In the April 2026 observations, eezly shows Extra Large Green Seedless Grapes priced at $3.90 per kg at Super C in Laval, with a listed regular price of $8.80, a 55.7% discount.
Is Super C cheaper than IGA in Laval based on this comparison?
Based on the fruit items observed in April 2026, Super C shows more tracked items and deeper discounts than IGA, including grapes at $3.90/kg and melons priced well below regular. IGA appears with one observed deal: an 8 lb seedless orange bag at $9.00 (regular $10.00).
What are the biggest percentage discounts observed in Laval in April 2026?

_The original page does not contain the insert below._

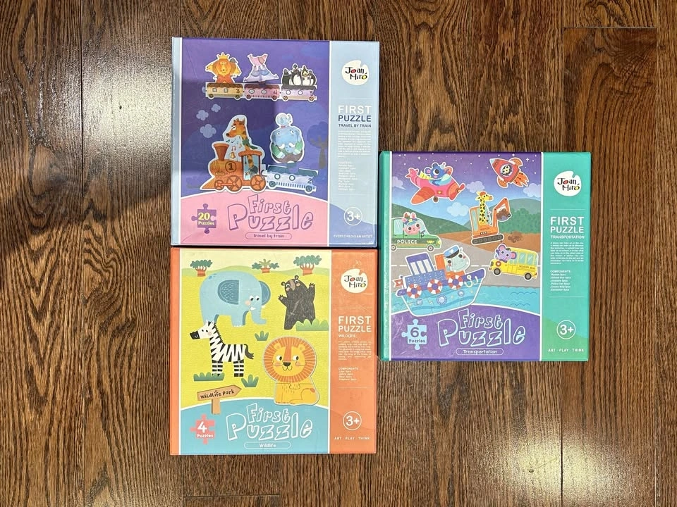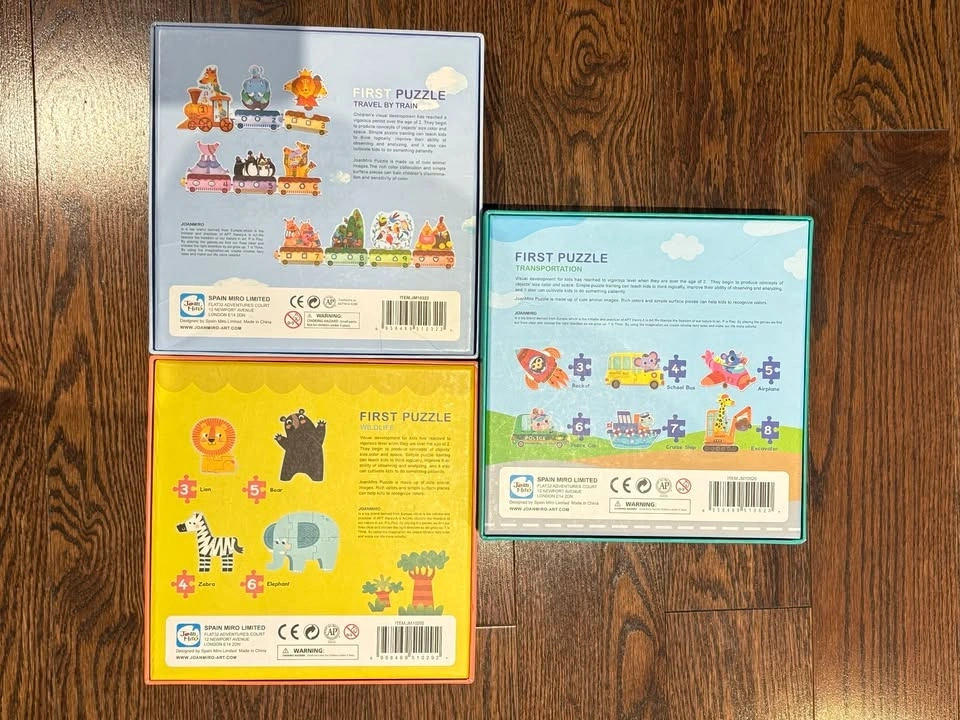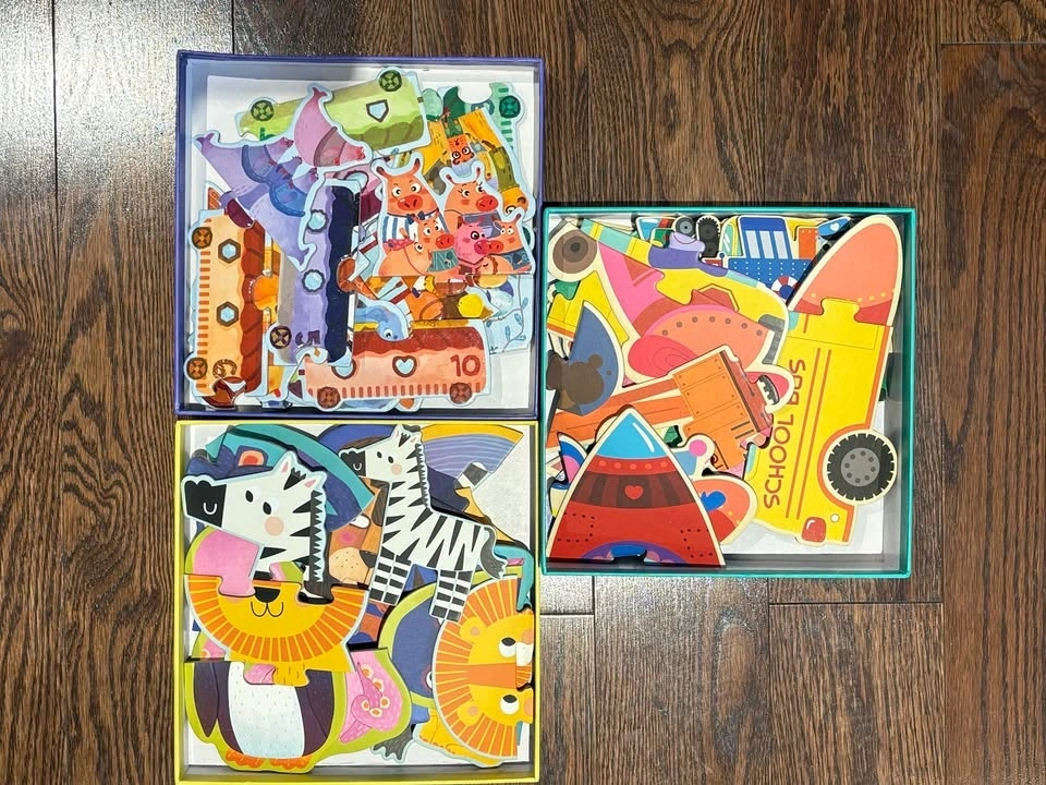 Three boxes of kids puzzles. One box (the yellow box with Lion) contains more but different items. This is reflected in the pricing. The puzzles are in great condition!

The largest observed discounts in the dataset are Jumbo Cantaloupe at Super C for $1.77 (regular $4.99) and Strawberries 1LB at Maxi for $1.77 (regular $4.99), both calculated at 64.5% off regular.
Does this article prove which store is cheapest overall in Laval?
No. The dataset excerpt used here is concentrated in fruit and does not contain a full grocery basket across categories for each banner. It supports conclusions about observed fruit pricing and discount depth in April 2026, not an overall cheapest-store claim for all items.
What is IGA’s observed fruit deal in Laval for April 2026?
IGA’s observed item in this dataset is Orange Seedless 8lbs at $9.00, with a listed regular price of $10.00, which equals a 10.0% discount.